The solution? Simple, I had to write the same sizes at two places. One in the timthum.php call and one on the img src itself.

Small things

Sometimes even if you do change the style.css the theme won´t make any changes. In this case don´t freak out and change stuff back or again. Instead hit your browsers cache folder and empty it. That works wonders in some cases.

If the thing you want to change is a header. Look for H1-H4 in the style.css as those are most likely your safest bet.

For content area. it all depends on what the creator of the theme has named it as. This is where that sourcepage will come in handy as you can see what he has named the different areas and thus you can look them up in the style.css.

If you find a style.css that is mostly empty, don´t fret out, take a look at the file and you will probably find an “import url(styles/standard.css)” or something in the file telling you where the file is located and thus you can find it.

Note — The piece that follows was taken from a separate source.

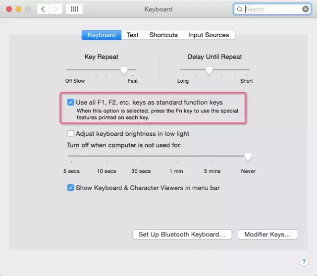 MacBook键盘最上面一排的功能键(F1-F12)默认是系统亮度和声音之类的快捷设置,当MacBook作为你的娱乐电脑时,这样的默认设置是非常方便的,但是对于将MacBook作为工作电脑而且需要频繁使用功能键(F1-F12)的人,最好将功能键(F1-F12)的行为设置为标准的功能键。

It is the same with the other files. They can be located in other folders. On the net this works great and leaves you in the dark as most likely your visitor don´t have access to it. But offline on a local install with the theme you can take a look really easy. Which is a good thing.

For FireFox I´ve gotten the recommendation to install the firebug add-on. It will help you locate what the different areas are called and everything.

Finally

I hope that at least something that you´ve read here has been something you didn´t know already and has given you some insight in how to edit themes or finding that special theme that you want so much it hurts.

If you think that I´ve missed something then leave a comment and I´ll have to get back on that. Hopefully I can be of service for those question. As I said I do not have good PHP knowledge so at times I get lucky with finding code snips that work just the way I want them to work or I go to Template Tags and try to read on how to use the different commands. I don´t like the wordpress.org site much since it leaves so much more to be desired, but sometimes it helps out really well.

And with that I bring you this article´s end.

edit – a link inserted to show of the wordpress free themes site that sucks, but works in some cases.

edit2 – made a slight change in the title to make it a better description of what this post is about.